(temperate dissociation)


caarrp #37.1

Photo by FFH

I’ve become sickly, looking over my shoulder for a guy with a wide smile. Often strictly buisness clocked left and right left again, falling into brush. A prick from a rose bush as I regain my feet.

If I blink fast enough, my eyes roll back, I get 2 seconds of release, a thief behind my eyelids prys me open again and again, I pause to say, “ I want away from this light.”

I look around me and the watercolor bleeds along The seams of this scene.

“I wanna go back,” I say, but I dipped below the surface so the words become lost reverberations in this pool. They all kick, flip turn at the wall in a fluid stroke and I cradle my legs when their waves reach my face. I bubble back up slowly.

“It’s not really like much has changed~” says a bird on my shoulder, they follow me around and give unsolicited advice, I turn to see the blind spot to the right of my head once again, my breath condensates, blinds my vision in spite. I grapple with the straps of my backpack, pulling tighter, tightest, graphite and gridpaper hugs me back, limp + bound.

I awake again, cut to, the sun has risen, and strategically fragmented mirrors reflect soft sunbeams around my bedroom. If it’s just me here, why do I keep feeling you longing to be here too?

If I keep looking, this becomes symptoms of insanity, if I keep wondering, will I ostracize my existence into exile?

If I keep feeling, my head will get the best of me, I was never much for sustained security. I slip out of ties, binds, blankets, beds, much too quickly.

“Super power bandit star [redacted] keeps relevant the last 48 hours of reality,” reads the newspaper, a telling story. I sit down, my breakfast and coffee are served to me, I barely nod, fully engrossed in the story, as I start to sip a cup of joe, I enjoy my nuclear fantasy.

Maybe I had been disapointed, I thought I was known, to the capacity of me, but rather I was felt an ocean half full, or three quarters empty.

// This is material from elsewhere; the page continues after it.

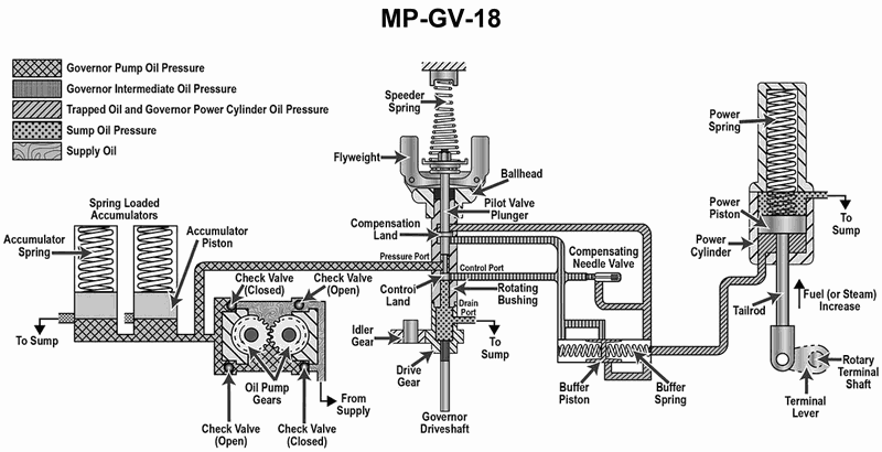 The main engines on your vessel are fitted with speed control governors based on the operating principle shown in the illustration. What statement is true concerning the illustrated pressure-compensated governor? Illustration MO-0159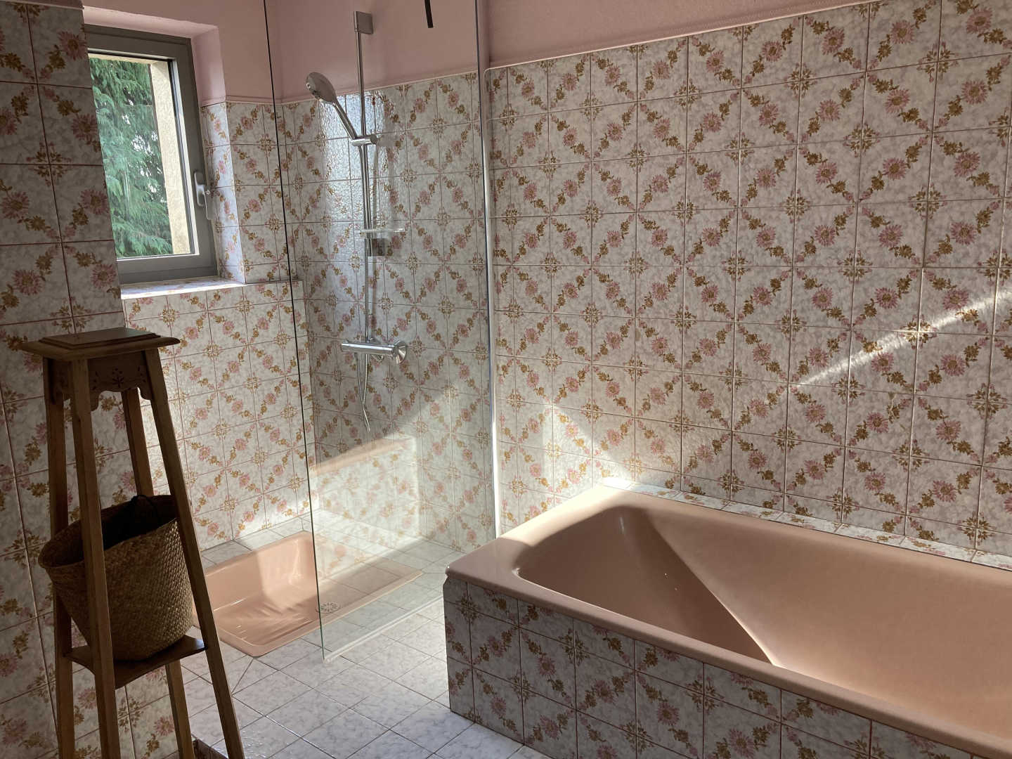 – grande salle de bain avec baignoire et douche, sèche-cheveux

“You can really only know so much, I mean, humans are selfish creatures”, the bird continues. In the cemetary now, I sit by my grandmother, or a dusted up version. Then I say, “burn everything,” and look around. We seem to be in consensus.

I think of the bodies of people around me, and notice the dotted lines that have formed boundaries. “Who started planning these walls?” I look around, and I am alone.

I blink faster and finally close my eyes. I think, “sweet victory”, but the fire has begun lapping at the outer edges of my cerebral cortex. Grey matter chars lightly and the pink bits underneath churn, flip and twist. I think, I need water, I inspect the holes of the showerhead, propelling 47 streams at me, I open my eyes wider. This feeling sits stagnant under my skin, drips hit and fall across it, gliding to my toes, soles, I lazily turn the water to 73 degrees, luke cold.

I hate this discomfort, unknowing, willingfully ignorant, I want to see it believe it, say it, scream it, hold you, feel it, be, within what I want to know is possibly happening. Why can’t I tell what is happening, and I dont have the courage or desire to find out. Not from here, I am much too far away.